▶ _ABOUT THIS EXERCISE_: What is needed is an exact repeat of the entries, with no pictures in it.

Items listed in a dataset
++++++++++++++++++++

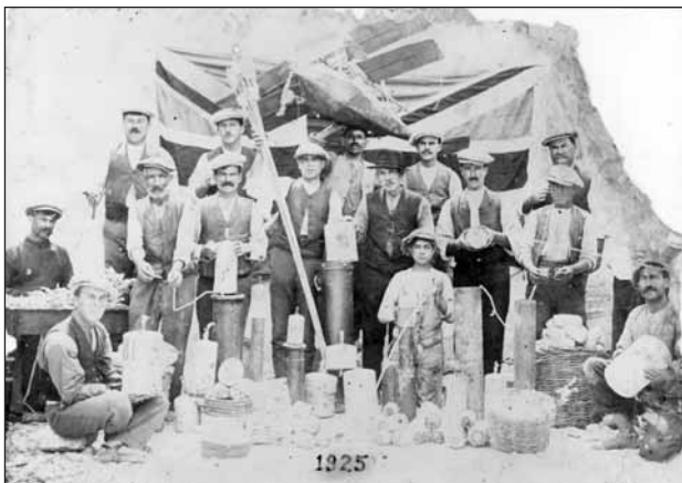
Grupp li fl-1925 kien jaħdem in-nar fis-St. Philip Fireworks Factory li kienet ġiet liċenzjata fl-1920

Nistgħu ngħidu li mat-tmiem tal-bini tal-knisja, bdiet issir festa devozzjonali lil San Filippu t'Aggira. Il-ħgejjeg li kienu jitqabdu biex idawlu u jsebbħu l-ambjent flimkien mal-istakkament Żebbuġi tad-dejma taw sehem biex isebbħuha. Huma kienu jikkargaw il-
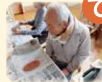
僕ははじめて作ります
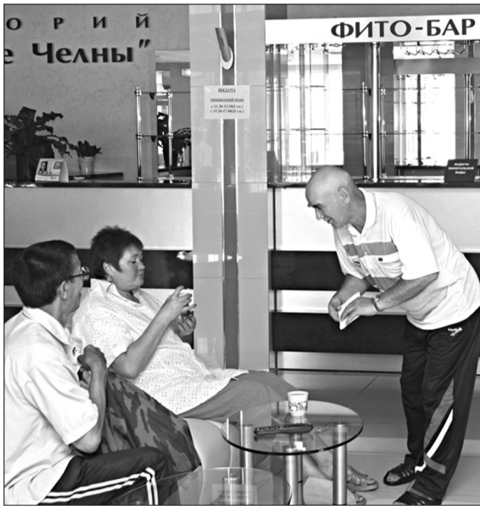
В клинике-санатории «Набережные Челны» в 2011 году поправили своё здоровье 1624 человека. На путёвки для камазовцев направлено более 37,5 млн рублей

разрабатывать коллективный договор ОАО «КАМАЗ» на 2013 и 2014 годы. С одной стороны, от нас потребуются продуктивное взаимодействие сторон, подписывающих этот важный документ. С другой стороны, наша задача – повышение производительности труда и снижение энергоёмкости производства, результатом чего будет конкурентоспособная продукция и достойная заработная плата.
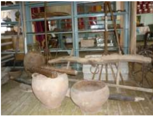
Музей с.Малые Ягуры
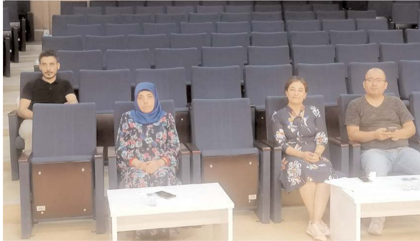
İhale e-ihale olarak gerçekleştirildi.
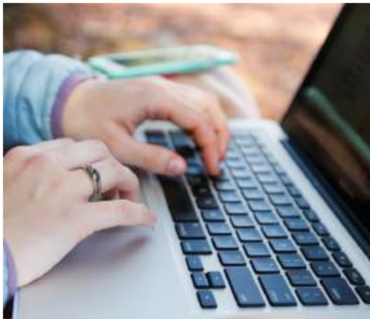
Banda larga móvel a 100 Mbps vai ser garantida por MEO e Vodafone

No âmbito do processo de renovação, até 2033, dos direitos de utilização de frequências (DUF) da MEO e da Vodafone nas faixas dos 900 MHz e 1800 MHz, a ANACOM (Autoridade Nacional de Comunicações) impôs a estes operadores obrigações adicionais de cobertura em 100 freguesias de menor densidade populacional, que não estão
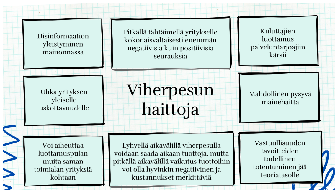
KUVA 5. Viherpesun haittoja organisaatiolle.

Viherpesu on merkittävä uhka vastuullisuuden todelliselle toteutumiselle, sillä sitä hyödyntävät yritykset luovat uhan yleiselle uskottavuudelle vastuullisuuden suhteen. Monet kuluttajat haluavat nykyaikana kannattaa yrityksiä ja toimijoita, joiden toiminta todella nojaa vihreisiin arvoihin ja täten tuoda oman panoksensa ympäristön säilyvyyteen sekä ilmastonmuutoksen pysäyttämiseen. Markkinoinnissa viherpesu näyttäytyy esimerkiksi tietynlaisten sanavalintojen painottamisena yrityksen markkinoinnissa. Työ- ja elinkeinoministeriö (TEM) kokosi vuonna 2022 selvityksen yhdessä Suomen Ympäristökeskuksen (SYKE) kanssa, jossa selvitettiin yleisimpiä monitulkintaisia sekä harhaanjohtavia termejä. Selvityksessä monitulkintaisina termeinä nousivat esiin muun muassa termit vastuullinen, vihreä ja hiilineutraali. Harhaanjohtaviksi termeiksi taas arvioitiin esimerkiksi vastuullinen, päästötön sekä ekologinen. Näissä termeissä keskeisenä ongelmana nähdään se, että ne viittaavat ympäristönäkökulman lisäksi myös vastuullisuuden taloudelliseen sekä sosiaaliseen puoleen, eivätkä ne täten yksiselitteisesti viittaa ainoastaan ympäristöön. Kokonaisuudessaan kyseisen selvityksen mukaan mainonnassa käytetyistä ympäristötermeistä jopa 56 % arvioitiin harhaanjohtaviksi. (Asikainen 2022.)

++++++++++++++++++++

▶ _ANSWER TO THIS PROBLEM_:
Grupp li fl-1925 kien jaħdem in-nar fis-St. Philip Fireworks Factory li kienet ġiet liċenzjata fl-1920

Nistgħu ngħidu li mat-tmiem tal-bini tal-knisja, bdiet issir festa devozzjonali lil San Filippu t'Aggira. Il-ħgejjeg li kienu jitqabdu biex idawlu u jsebbħu l-ambjent flimkien mal-istakkament Żebbuġi tad-dejma taw sehem biex isebbħuha. Huma kienu jikkargaw il-
僕ははじめて作ります
В клинике-санатории «Набережные Челны» в 2011 году поправили своё здоровье 1624 человека. На путёвки для камазовцев направлено более 37,5 млн рублей

разрабатывать коллективный договор ОАО «КАМАЗ» на 2013 и 2014 годы. С одной стороны, от нас потребуются продуктивное взаимодействие сторон, подписывающих этот важный документ. С другой стороны, наша задача – повышение производительности труда и снижение энергоёмкости производства, результатом чего будет конкурентоспособная продукция и достойная заработная плата.
Музей с.Малые Ягуры
İhale e-ihale olarak gerçekleştirildi.
Banda larga móvel a 100 Mbps vai ser garantida por MEO e Vodafone

No âmbito do processo de renovação, até 2033, dos direitos de utilização de frequências (DUF) da MEO e da Vodafone nas faixas dos 900 MHz e 1800 MHz, a ANACOM (Autoridade Nacional de Comunicações) impôs a estes operadores obrigações adicionais de cobertura em 100 freguesias de menor densidade populacional, que não estão
KUVA 5. Viherpesun haittoja organisaatiolle.

Viherpesu on merkittävä uhka vastuullisuuden todelliselle toteutumiselle, sillä sitä hyödyntävät yritykset luovat uhan yleiselle uskottavuudelle vastuullisuuden suhteen. Monet kuluttajat haluavat nykyaikana kannattaa yrityksiä ja toimijoita, joiden toiminta todella nojaa vihreisiin arvoihin ja täten tuoda oman panoksensa ympäristön säilyvyyteen sekä ilmastonmuutoksen pysäyttämiseen. Markkinoinnissa viherpesu näyttäytyy esimerkiksi tietynlaisten sanavalintojen painottamisena yrityksen markkinoinnissa. Työ- ja elinkeinoministeriö (TEM) kokosi vuonna 2022 selvityksen yhdessä Suomen Ympäristökeskuksen (SYKE) kanssa, jossa selvitettiin yleisimpiä monitulkintaisia sekä harhaanjohtavia termejä. Selvityksessä monitulkintaisina termeinä nousivat esiin muun muassa termit vastuullinen, vihreä ja hiilineutraali. Harhaanjohtaviksi termeiksi taas arvioitiin esimerkiksi vastuullinen, päästötön sekä ekologinen. Näissä termeissä keskeisenä ongelmana nähdään se, että ne viittaavat ympäristönäkökulman lisäksi myös vastuullisuuden taloudelliseen sekä sosiaaliseen puoleen, eivätkä ne täten yksiselitteisesti viittaa ainoastaan ympäristöön. Kokonaisuudessaan kyseisen selvityksen mukaan mainonnassa käytetyistä ympäristötermeistä jopa 56 % arvioitiin harhaanjohtaviksi. (Asikainen 2022.)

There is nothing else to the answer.